_Input material:_

*** Begin section ***

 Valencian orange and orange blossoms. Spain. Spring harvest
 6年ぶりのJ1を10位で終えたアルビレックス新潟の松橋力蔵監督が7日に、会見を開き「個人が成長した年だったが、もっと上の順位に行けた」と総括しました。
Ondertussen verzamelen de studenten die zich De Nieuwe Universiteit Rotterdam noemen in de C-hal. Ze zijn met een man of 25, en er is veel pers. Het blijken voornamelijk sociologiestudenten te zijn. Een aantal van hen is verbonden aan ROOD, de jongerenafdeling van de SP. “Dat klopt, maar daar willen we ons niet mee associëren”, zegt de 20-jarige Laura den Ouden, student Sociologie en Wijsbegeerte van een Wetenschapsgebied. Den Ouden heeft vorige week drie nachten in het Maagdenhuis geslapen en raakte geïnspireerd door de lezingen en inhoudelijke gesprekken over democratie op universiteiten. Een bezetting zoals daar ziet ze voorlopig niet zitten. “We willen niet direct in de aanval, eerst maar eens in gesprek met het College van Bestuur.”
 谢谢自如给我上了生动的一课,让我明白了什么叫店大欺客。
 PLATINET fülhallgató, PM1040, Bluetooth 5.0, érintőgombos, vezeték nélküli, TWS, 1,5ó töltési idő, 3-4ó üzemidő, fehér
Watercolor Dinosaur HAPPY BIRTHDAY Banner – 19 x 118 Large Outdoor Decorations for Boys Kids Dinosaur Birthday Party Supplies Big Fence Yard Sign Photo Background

*** End section ***
*** Begin section ***

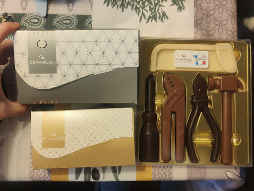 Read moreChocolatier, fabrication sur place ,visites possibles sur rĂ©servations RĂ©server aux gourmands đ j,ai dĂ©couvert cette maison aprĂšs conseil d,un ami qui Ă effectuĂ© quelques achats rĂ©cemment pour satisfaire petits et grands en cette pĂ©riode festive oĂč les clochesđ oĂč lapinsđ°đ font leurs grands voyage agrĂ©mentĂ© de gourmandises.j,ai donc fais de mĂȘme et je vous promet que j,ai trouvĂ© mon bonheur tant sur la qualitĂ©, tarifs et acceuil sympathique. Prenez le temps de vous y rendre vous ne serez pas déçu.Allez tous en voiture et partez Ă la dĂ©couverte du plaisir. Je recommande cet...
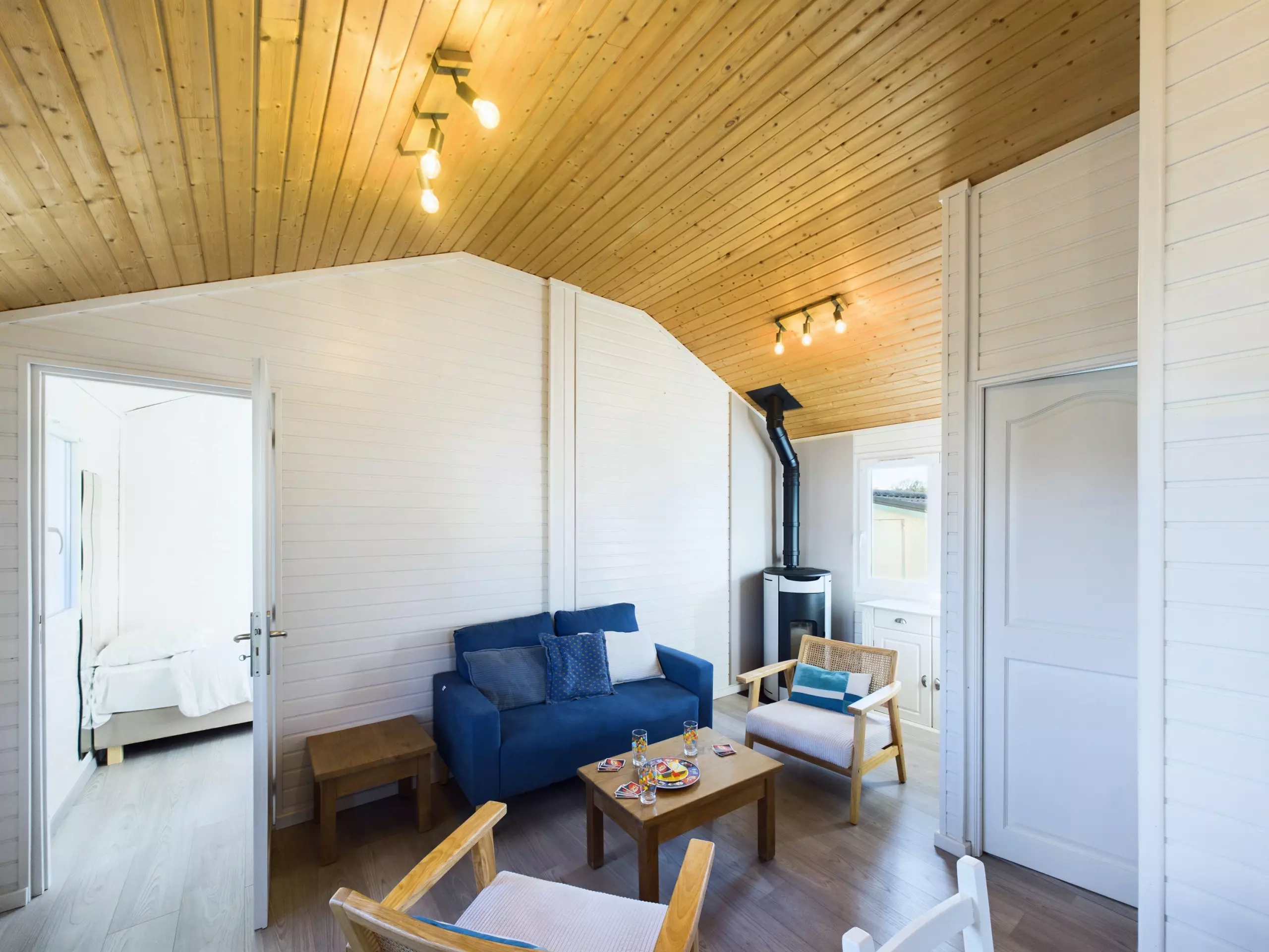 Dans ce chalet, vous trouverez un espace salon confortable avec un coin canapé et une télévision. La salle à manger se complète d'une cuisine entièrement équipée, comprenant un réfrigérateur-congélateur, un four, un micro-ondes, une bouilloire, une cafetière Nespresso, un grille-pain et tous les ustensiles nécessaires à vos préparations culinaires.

*** End section ***
*** Begin section ***

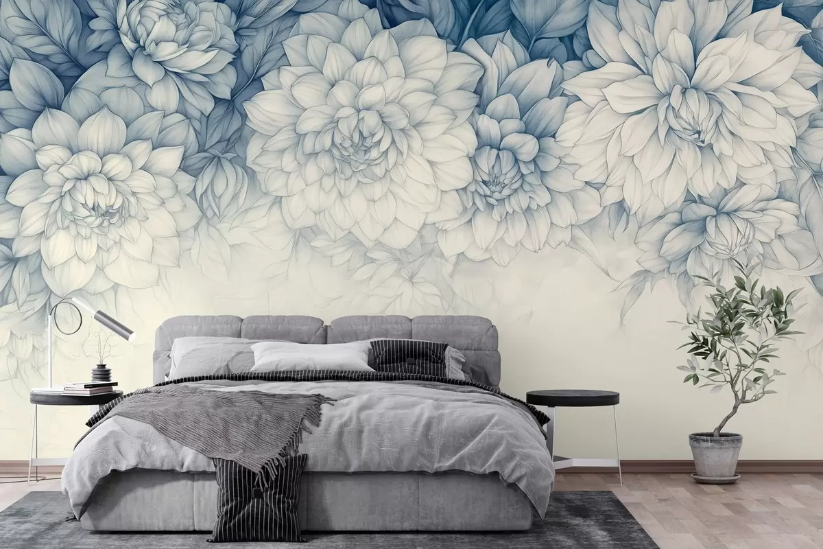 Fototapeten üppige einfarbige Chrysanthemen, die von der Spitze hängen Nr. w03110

*** End section ***

_Problem:_ Would you copy out exactly the lines above that start at the one containing "Valencian orange and" and end at the one containing "6年ぶりのJ1を10位で終え", inclusive?

_Expected answer:_
 Valencian orange and orange blossoms. Spain. Spring harvest
 6年ぶりのJ1を10位で終えたアルビレックス新潟の松橋力蔵監督が7日に、会見を開き「個人が成長した年だったが、もっと上の順位に行けた」と総括しました。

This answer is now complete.